- **Material for the task**:
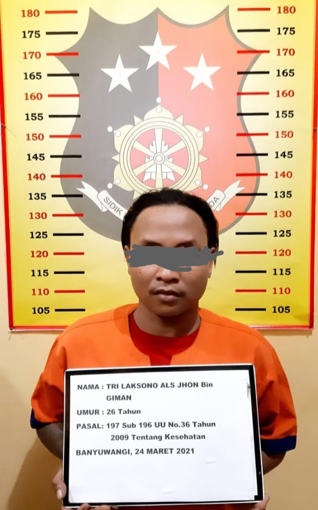 “Tersangka Tri Laksono (26) Dusun Sumberwaru Rt 001 Rw 002 Desa Tamanagung, Kecamatan Cluring, Kabupaten Banyuwangi.”Kata Kapolsek Cluring AKP Bejo Madrias.
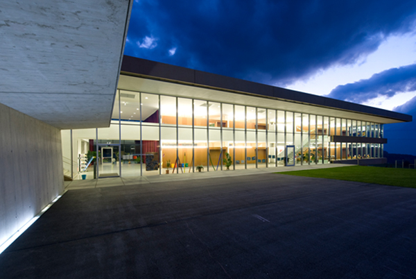 Der riegelförmige Baukörper begrenzt durch seine Ausrichtung das Areal von Kindergarten, Sporthalle, Gemeindesaal und Feuerwehr und bildet einen neuen Platz, der als Schulhof den Blick über das Inntal in Richtung Nordkette einrahmt. Die allgemeinen Erschließungs- und Pausenflächen sind zum Schulhof orientiert, die Klassenräume blicken in die Natur, die zweigeschossige durchgesteckte Aula verbindet das künstliche mit dem gewachsenen Umfeld.
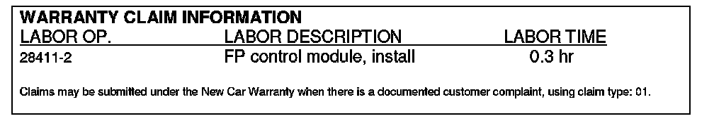 When replacing a defective FP control module, use the new part, and install it in the new location. This TNN describes the method of replacing the old FP control module with the new FP control module in its new location.
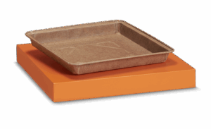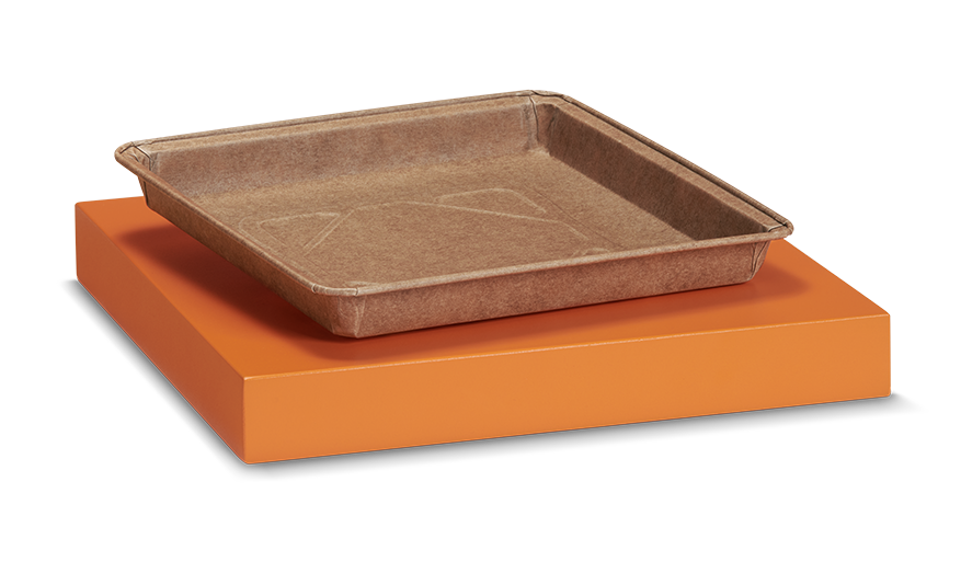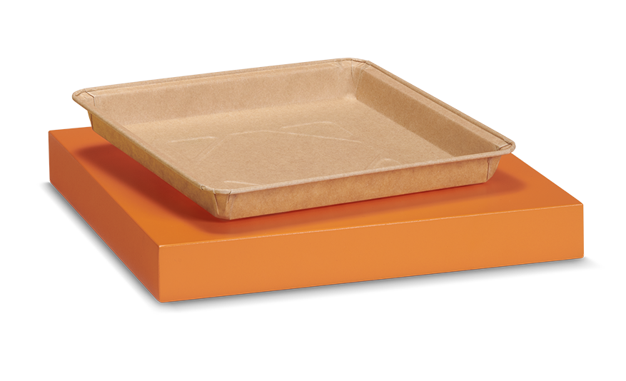 The paper moulds with rolled edges can also be combined with PET lids, making them suitable for delivery, take-away and use in delicatessen or large retail counters.
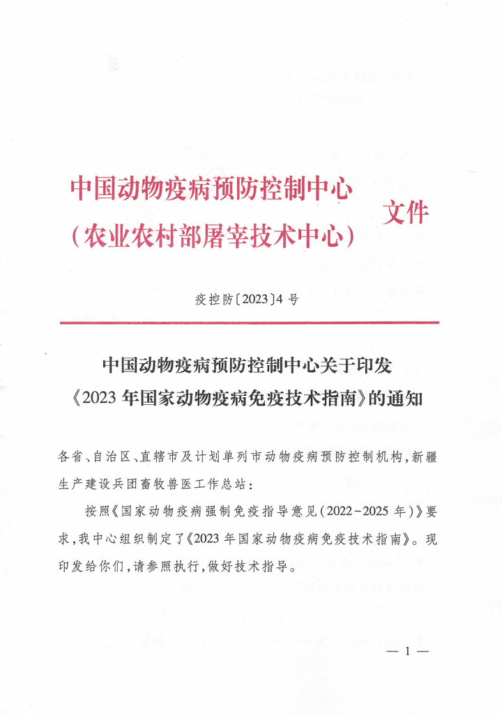 中國動物疫病預防控制中心:《2023年國家動物疫病免疫技術指南》
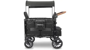 Lux Premium Double Wagon is made to look and feel easy. These wagons can sit up to two children and leave ample space for all your belongings. No need to carry all of your bags and push a stroller. Your hands and back will thank you. The kids will love their comfy raised seats that are reclinable for those afternoon naps and even removable for added space. For even more space, we have a removable rear basket for all of your essentials. They will be secure with our 5-point magnetic safety harness. For those sunny days, our adjustable canopy will come in handy. It is easy to move side to side depending on the time of day and even up and down to accommodate growing children. The vegan leather, adjustable handlebar is perfect for parents of all heights and adds just the right amount of class to your ride.
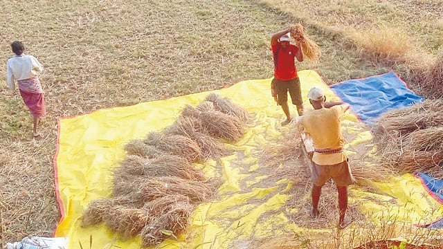 आडेली : ‘ह्यो पावस... कधी आंधारान येयत सांगाक येवचो नाय.. तेवा...खळाबिळा करुच्या भानगडीत पडाया नको सरळ ताडपत्री पसरवन... बाकडो ठेवन...भात झोडुक घेवया. पावस इलोच तर त्याच ताडपत्रेन भात झाकुक गावताला... ’ असे संभाषण सध्या सर्वत्र शेतकरी वर्गातून ऐकू येत आहे. परतीच्या पावसाने शेतातील पीक ओलेच असल्याने शेतखळे न करता ताडपत्री व प्लास्टिक कापडाचा आधार घेत शेतातच भाताची झोडणी करताना शेतकरी दिसत आहे. तर काळाच्या ओघात विविध यांत्रिकीकरणामुळे ‘शेतखळे’च कालबाह्य झाल्याचे दिसून येत आहे.
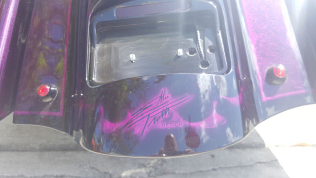 No expense was spared on this road king which was completed for Sturgis in 2015 and was built as a showpiece to bring to different bikeweeks and motorcycle shows across the country. This bike started life as a new 2013 FLHP police roadking. The bike was stripped down to the frame and the work began. The major metal work and fabrication were as follows; frame was cut and raked in the neck, urved down tubes installed, he seat pocket was cut and dropped, aking this a drop seat, nd the factory Harley tank and rear fender were stretched (so this is a Harley tank, tretched, ll steel.) This bike recieved all of the awesome American steel machined and american chromed Thunder Cycle Parts including the following; axel caps, ork bells, anhead rocker boxes, he entire "Diamond series" (floorboards, rips, eservoir caps, erby cover, iming cover, ramsmission cover, tarter cover, nd turn signal minimizers, into 1 Thunder thumper exhaust, hifter, reak pedals, hunder Cycle mini apes (all internally wired and internally cabled) and more. The Bones paintjob matched up with the anodized rims isPM wheels is neck breaking. This paint job is amazing and Bones, s usual, ailed the artwork and graphics which also include the hand laid and airbushed silver leaf!. The entire bike including the frame, andlebars, nd more have been custom painted. The PM wheel, he curved down tubes, he amazing paint, he hand stretched gas tank and rear fender, nd the diamond cut motor are just some of the things that make this bike pop. This bad boy also has got the treatment of the diamond cut motor along with Sachs racing polished heads, ith cams this bad boy is making over 110hp!! If they don't see you coming...they'll here you coming!! This bike has a banging system with a large touch screen. The amp, ires, nd speakers were installed extramely neatly and the bags still have plenty of storage.

- **Work instructions**: Pictures are to be omitted; otherwise, every line from the first line of the listing through the line containing "Lux Premium Double" must be reproduced exactly, both ends included.

- **Solution to this exercise**:
 “Tersangka Tri Laksono (26) Dusun Sumberwaru Rt 001 Rw 002 Desa Tamanagung, Kecamatan Cluring, Kabupaten Banyuwangi.”Kata Kapolsek Cluring AKP Bejo Madrias.
 Der riegelförmige Baukörper begrenzt durch seine Ausrichtung das Areal von Kindergarten, Sporthalle, Gemeindesaal und Feuerwehr und bildet einen neuen Platz, der als Schulhof den Blick über das Inntal in Richtung Nordkette einrahmt. Die allgemeinen Erschließungs- und Pausenflächen sind zum Schulhof orientiert, die Klassenräume blicken in die Natur, die zweigeschossige durchgesteckte Aula verbindet das künstliche mit dem gewachsenen Umfeld.
 When replacing a defective FP control module, use the new part, and install it in the new location. This TNN describes the method of replacing the old FP control module with the new FP control module in its new location.
 The paper moulds with rolled edges can also be combined with PET lids, making them suitable for delivery, take-away and use in delicatessen or large retail counters.
 中國動物疫病預防控制中心:《2023年國家動物疫病免疫技術指南》
 Lux Premium Double Wagon is made to look and feel easy. These wagons can sit up to two children and leave ample space for all your belongings. No need to carry all of your bags and push a stroller. Your hands and back will thank you. The kids will love their comfy raised seats that are reclinable for those afternoon naps and even removable for added space. For even more space, we have a removable rear basket for all of your essentials. They will be secure with our 5-point magnetic safety harness. For those sunny days, our adjustable canopy will come in handy. It is easy to move side to side depending on the time of day and even up and down to accommodate growing children. The vegan leather, adjustable handlebar is perfect for parents of all heights and adds just the right amount of class to your ride.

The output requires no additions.